In this guide, we are going to share our opinionated, step-by-step framework for successfully going to production on the public cloud. At Gruntwork, we've had the privilege to work with everything from tiny startups to massive Fortune 50 companies to some of the world's largest government agencies, and this document captures the common patterns we've seen that actually worked.
Gruntwork Production Framework
This is not another high-level, vague "cloud operating model" document that is heavy on buzzwords but light on actionable content. Instead, you'll find a clear mental model of how to think about cloud usage, plus a set of concrete, opinionated set of steps you can follow to make better use of the cloud at your company. Think of this as a concrete description of the cloud setup you should be aiming for—the "right way" to do things.
If you prefer a video over reading a talk, check out this talk from Gruntwork Co-Founder Yevgeniy Brikman which introduces each ingredient of the Gruntwork Production Framework, as well as how to put them all together:
Why you need a framework
The cloud changes everything.
In the past, if you wanted to build a software company, you'd also have to manage a lot of hardware, including setting up a data center with lots of servers, racks, wiring, cooling, and so on. As a result, most companies were split between the folks that wrote the software ("Devs") and the folks that managed the hardware ("Ops"). Nowadays, instead of managing data centers, the vast majority of companies are moving to the cloud, and running their software on Amazon Web Services (AWS), Azure, and Google Cloud Platform (GCP).
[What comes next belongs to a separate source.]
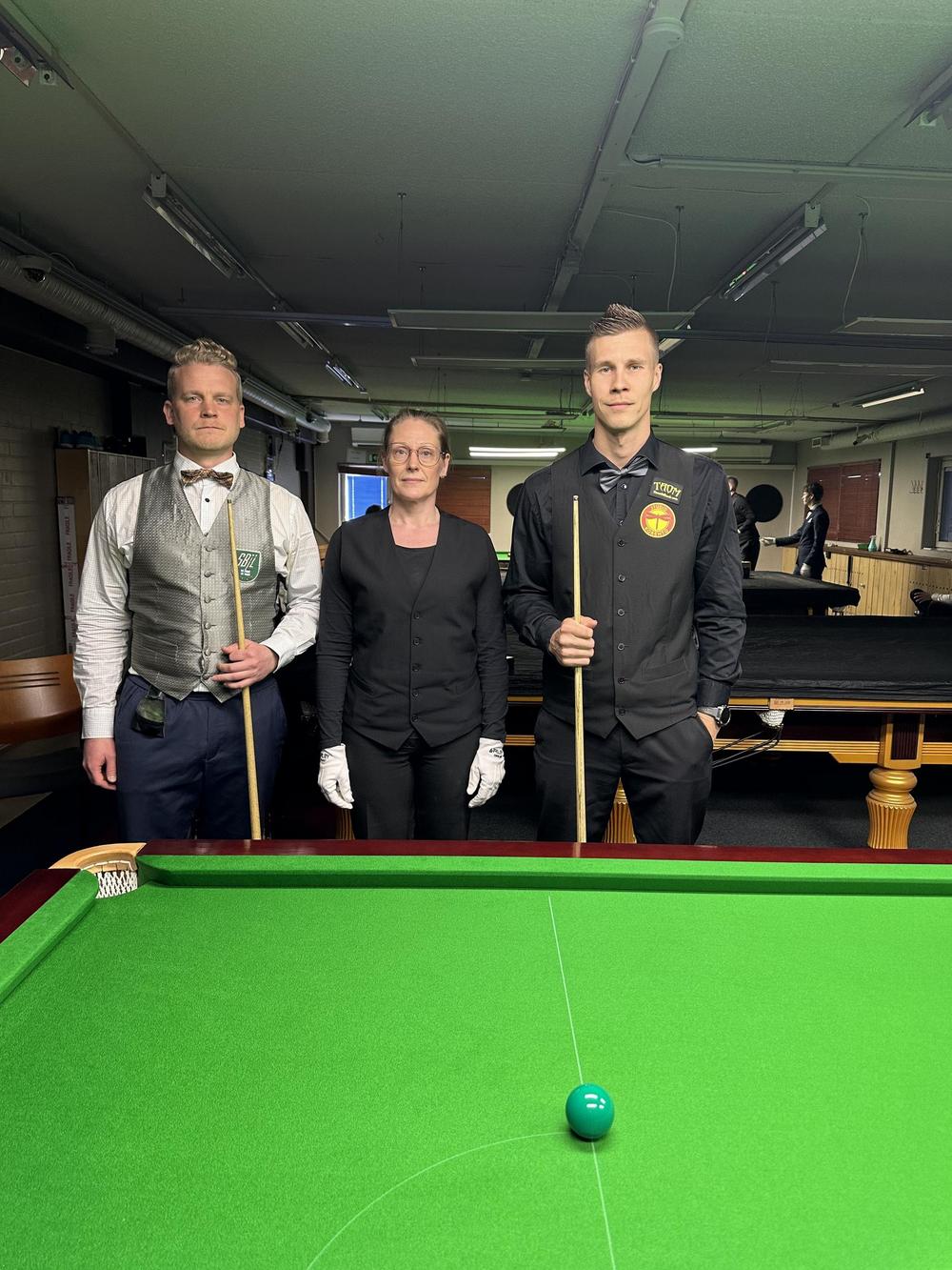 Siv Hartikaisen tuomaroimassa loppuottelussa kohtasivat kaudella 2023–2024 niukalti kilpailleet pelaajat. Hullille kilpailu taisi olla kauden ensimmäinen, eikä Nivakaan ollut osallistunut kuin 6 Redsin SM-kisoihin, joista irtosi voitto, sekä yhteen ranking kilpailuun, jonka loppuottelussa hän taipui Patrik Tiihoselle. Hull ei ole urallaan montaa ottelua hävinnyt SM-kilpailuissa, eikä hävinnyt tälläkään kertaa. Nivalla oli kyllä mahdollisuuksia syrjäyttää mestari valtaistuimeltaan, hän aloitti hyvin ja siirtyi 2–0 johtoon 90 ja 59:n sarjoilla. Kolmannessa Hull nousi omalle tasolleen ja kavensi 107 sarjalla 2–1:een. Neljäs erä oli tiukka ja kenties koko ottelun ratkaiseva. Kun erä kääntyi Hullille ja Niva menetti hyvän mahdollisuuden siirtyä 3–1 johtoon, häneltä taisi usko voittoon loppua. Viidenteen Hull teki 69 ja kun kuudennessakaan Niva ei pystynyt käyttämään tilaisuuksiaan, Robin Hull voitti uransa 15. Suomenmestaruuden erin 4–2. Vaikka Hull voitti jälleen kerran, ainakin Oikarisella ja Nivalla oli mahdollisuutensa, ja viime vuoden kisoissakin Lasse Alvesalo oli paikoilla pudottaa Hull jatkosta. Kenties ensi vuonna joku käyttää tilaisuutensa ja syrjäyttää mestarin. Toki on lisättävä, että onhan tuo helpommin sanottu kuin tehty.
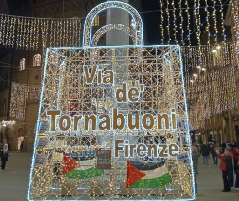 A Firenze Un gruppo di attivisti di “Firenze per la Palestina” ha trasformato via Tornabuoni, cuore dello shopping fiorentino, in un palcoscenico di protesta con un flash mob natalizio. Al centro dell’azione, una shopping bag gigante decorata con lucine festive, su cui spiccava lo slogan “Il nostro Natale finanzia il genocidio”.

This has a huge impact on how a software company works. Instead of racking hardware, your Ops team now spends most of its time working with software tools such as Terraform, Packer, Docker, and Kubernetes. And instead of your Dev team writing code and "tossing it over the wall" to Ops, Devs want to be self-sufficient, deploying and managing everything they need themselves without being bottlenecked by Ops team.
In other words, the distinction between Dev and Ops teams is blurring: this is where the term DevOps comes from. There's no widely agreed-upon definition for DevOps, but for the purposes of this article, we'll think of it as a movement which has the goal of making software delivery vastly more efficient. And the one thing you can be certain of is that trying to port the "old way" of doing things to the cloud will not be efficient. The shift to the cloud and DevOps brings a huge number of changes:
|Teams||Devs write code, "toss it over the wall" to Ops||Devs & Ops work together on cross-functional teams|
|Servers||Dedicated physical servers||Elastic virtual servers|
|Connectivity||Static IPs||Dynamic IPs, service discovery|
|Security||Physical, strong perimeter, high trust interior||Virtual, end-to-end, zero trust|
|Infrastructure provisioning||Manual||Infrastructure as Code (IaC) tools|
|Server configuration||Manual||Configuration management tools|
|Deployment cadence||Weeks or months||Many times per day|
|Change process||Change request tickets||Self-service|
|Change cadence||Weeks or months||Minutes|
Who the framework is for
This framework is for companies who wish to adopt the public cloud (e.g., Amazon Web Services, Microsoft Azure, Google Cloud Platform) for production and mission-critical use cases. We're talking about use cases where you're betting your company on the reliability and security of the cloud: you're betting that your infrastructure won't fall over if there's a traffic spike; you're betting that you won't lose data if there's an outage; you're betting that hackers won't be able to break in and compromise your data; and if these bets don’t work out, your company may go out of business. That’s what’s at stake here.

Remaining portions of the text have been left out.